What had he said in the sparring space that day? Bantos fighting was not about who was bigger? It was about focus and discipline. Two things John sorely lacked at the moment but was going to need to find soon, or else in less than an hour there was going to be a massacre 100 yards away from the headstones that marked the places where the SGC had buried his friends. All John had in his arsenal at the moment was the quicksilver anger sluicing through his veins, eradicating anything in its path. But Fitzpatrick had even made a comment about that, that day in the training rooms:
...blind anger might put you back on your feet in a firefight, but it sure as hell won't save your ass.
What John needed to do was think strategically. Needed to get inside this guy's head and try to figure out what made him tick. Maybe get a few steps ahead of him. Only that was practically impossible now because everything John thought he knew about Sean Fitzpatrick was apparently a complete and utter lie.
The massive yet introspective former Navy SEAL that had been training him had morphed suddenly into this unhinged something right before his eyes. He was menacing and dangerous, and he had a sharp edge to him that John couldn't afford to underestimate. He could remember sensing it that first day they'd met in the training facility. It was back now, and with a vengeance. And John was finally starting to see it for what it truly was. See how it spoke of murder and madness.

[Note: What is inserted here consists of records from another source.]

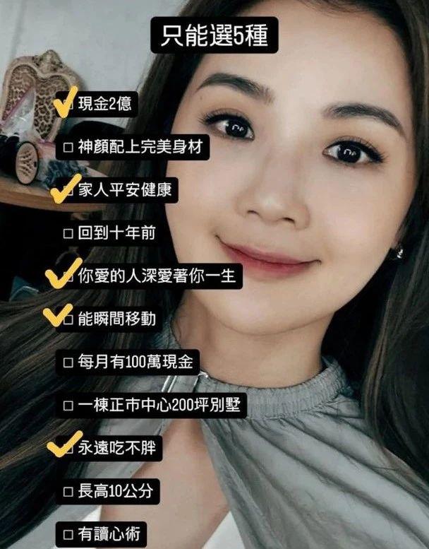 她日前在社交網(wǎng)發(fā)文,選了5種愿望,包括「現(xiàn)金2億」、「家人平安健康」、「能瞬間移動(dòng)」、「永遠(yuǎn)吃不胖」,令人注意的是阿Sa想要「你愛(ài)的人深?lèi)?ài)著你一生」,看來(lái)她對(duì)感情仍非常樂(lè)觀!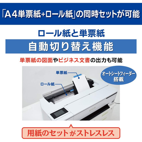 給紙方式:ロール紙:1本、単票紙(1枚):手差し給紙、単票(オートシートフィーダ):フリクション方式
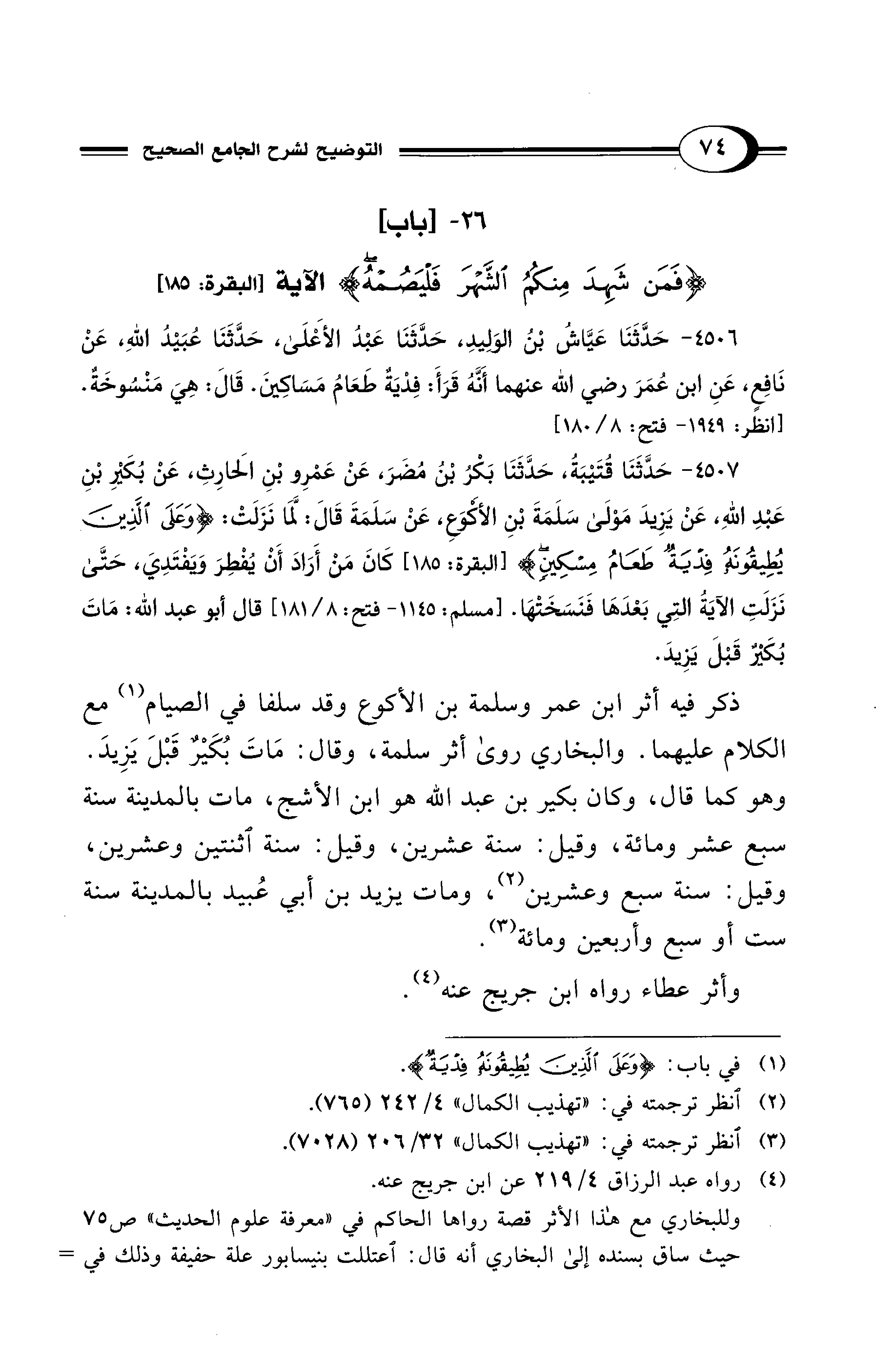 (¬1) في باب: {وَعَلَى الَّذِينَ يُطِيقُونَهُ فِدْيَةٌ}.
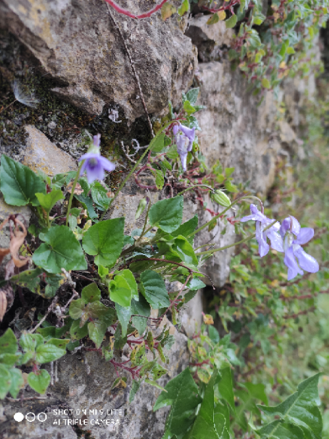 Quand on la voit on pense immédiatement "violette !" mais ce n'est pas si simple je m'en suis aperçue, il en existe quantités. Je penche pour Viola Pyrenaica en raison de la forme des feuilles et de leur implantation sur la tige mais vraiment sans certitude aucune. Il pourrait s'agir de viola reichenbachiana ou persicifolia selon que je fais une recherche par feuille ou fleur avec l'application Plantnet. Je ne me résigne pas à l'arracher à ce muret, où elle a trouvé si joliment son gîte, pour la disséquer plus avant ...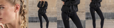 Neutral size label without branding, neck print possible, rip cuff at the hem, side pockets above hem, bomber jacket-style.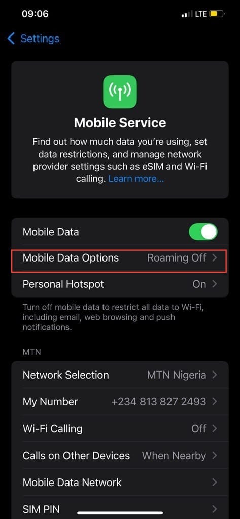 Step 2. Tap "Mobile Data Options."

No, there was no doubt in John's mind that Sean Fitzpatrick wouldn't hesitate to kill Carrie if he tried to go off-book. That realization had John abandoning every pathetic plan his panicked mind tried to provide.
John formed his hands into shaking fists and brought one down hard on the desk, making the pizza box jump.

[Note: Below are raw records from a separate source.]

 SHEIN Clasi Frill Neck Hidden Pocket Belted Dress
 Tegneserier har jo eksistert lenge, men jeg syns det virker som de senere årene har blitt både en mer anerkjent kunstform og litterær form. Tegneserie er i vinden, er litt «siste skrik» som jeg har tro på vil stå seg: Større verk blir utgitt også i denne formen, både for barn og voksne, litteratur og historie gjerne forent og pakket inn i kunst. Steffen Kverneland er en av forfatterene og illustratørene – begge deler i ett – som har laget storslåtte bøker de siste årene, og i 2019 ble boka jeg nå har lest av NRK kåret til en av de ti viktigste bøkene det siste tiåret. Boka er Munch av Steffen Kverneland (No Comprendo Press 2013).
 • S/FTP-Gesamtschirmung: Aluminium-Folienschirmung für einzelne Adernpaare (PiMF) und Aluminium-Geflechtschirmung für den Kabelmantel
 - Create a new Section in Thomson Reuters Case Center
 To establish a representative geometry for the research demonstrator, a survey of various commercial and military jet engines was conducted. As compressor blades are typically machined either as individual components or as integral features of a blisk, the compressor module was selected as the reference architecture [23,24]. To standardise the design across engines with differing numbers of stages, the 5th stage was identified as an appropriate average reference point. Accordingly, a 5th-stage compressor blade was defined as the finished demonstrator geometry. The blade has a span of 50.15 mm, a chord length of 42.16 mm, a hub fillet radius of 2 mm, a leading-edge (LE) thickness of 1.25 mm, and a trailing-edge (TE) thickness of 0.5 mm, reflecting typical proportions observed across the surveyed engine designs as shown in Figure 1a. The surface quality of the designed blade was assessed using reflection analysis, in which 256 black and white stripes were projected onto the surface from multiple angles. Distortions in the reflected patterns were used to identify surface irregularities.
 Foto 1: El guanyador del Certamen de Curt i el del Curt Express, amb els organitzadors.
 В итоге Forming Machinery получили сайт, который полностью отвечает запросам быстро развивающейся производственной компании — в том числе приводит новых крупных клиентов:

Fitzpatrick could have easily just killed him a moment ago, but he hadn't. He let John live. The former SEAL had answers to give. So maybe what John needed to do was arm himself to the teeth and just head out to that damn cottage in - he checked his watch - fifty-five minutes. Maybe bullets could end what his aging hands could not because John didn't care who this guy was, no one was bulletproof. You could have all the anger in the world burning away inside of you, and all it would take was one careful shot to the center of the forehead to end it forever.
Bullets to the head put periods at the ends of sentences, not ellipses. John Sheppard was done with ellipses.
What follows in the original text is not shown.